Non-technical Skills
Important non-technical skills required for becoming an artificial and machine learning engineer include the following:
1. Communication
Proper communication is the most important skill required for any job. An AI/ML engineer should be capable of explaining the AI and ML strategies to the team members because they always work in a team. So, proper communication will help them to explain the AI and ML strategies to the non-technical people in the team such as the marketing and sales officers, architects, etc.
2. Quick Prototyping
It is an essential skill required for using the AI and ML strategies effectively. It is important to choose the right model in machine learning. Quick prototyping is useful in making different strategies that help to form a suitable structure or model.
3. Proper knowledge of industry
An AI/ML engineer should have a vast knowledge of the industry that they are working in. They should have proper information on how particular business functions and how AI and ML strategies can help any business to grow further. AI and ML skills can only help an individual if he has basic knowledge of business skills that are required for making an effective strategy for business growth. Proper knowledge of the industry will help an individual to face possible hurdles confidently and run the business successfully.
Additional Skills for AI and ML
More skills are required for becoming a machine learning engineer
1. Language, audio, and video processing
AI and ML engineers also have to work with the most important areas such as audio, text, and video. Therefore, an AI and ML engineer should have sufficient knowledge of NLTK, Gensim, and other strategies such as Sentimental Analysis, word2vec, and Summarization.
2. Physics, reinforcement learning, and computer vision
Proper learning of physics is important because we need to use machine learning techniques for different systems. Reinforcement learning is important for making improvements in AI and deep learning to a better level. This helps to use the knowledge in different fields such as self-driving cars, robotics, and other fields of AI. Computer vision along with machine learning can be used together or separately for solving very difficult systems. When two work together, they can give better results and quick output.
Why should you take up an AI/ML training course?

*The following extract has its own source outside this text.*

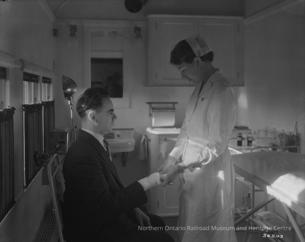Photograph, Canadian National Railways (CNR) Medical Clinic Car - patient receiving treatment.Collection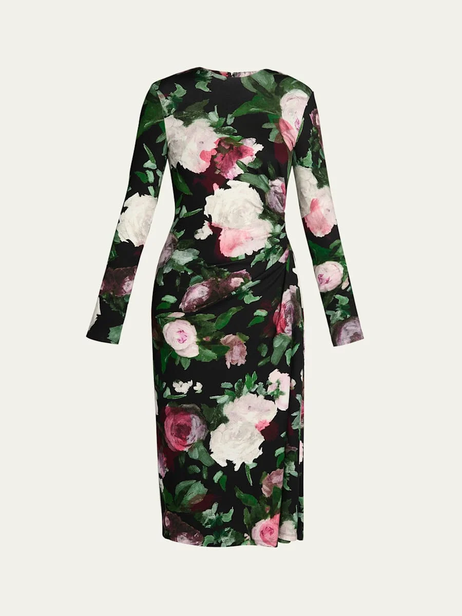 Erdem dress featuring floral print and waist draping Round neckline Long sleeves Sheath silhouette Hem falls below the knee Invisible back zip Viscose/elastane Do not iron, dry clean Made in Portugal Online Inquiries: BGS21_BA6WA| Store Inquiries: #5042744

Becoming an AI or ML expert not only enhances your skills, knowledge, and expertise but also helps you to become eligible for getting highly paid jobs in the market. It is the need of the hour that one should upskill to move forward with the changing times.
AI and ML engineers can acquire new abilities and skills and open their career growth to a new level.
If you want to become an AI or ML engineer, you should know how to use the above-mentioned skills to start your career. To give you a heads up in your efforts of making a career in AI/ML, KnowledgeHut offers a Machine Learning with Python Course to help you acquire industry relevant training in Artificial Intelligence and Machine Learning along with a course on the very in-demand Python programming.
In conclusion
Big name companies are investing a lot of money in doing research in the field of Machine Learning and Artificial Intelligence for future projects. Therefore, for becoming an AI or ML expert, you have to improve your skills to become well acquainted with the applications of MI and AI.
You can come across new and creative AI applications once you jump into this field. Though the skills required for becoming an AI or ML engineer are difficult, it is worth spending time, money, and effort in this field as it will give you better rewards. You can make a difference in the operation of your company by acquiring AI and ML skills.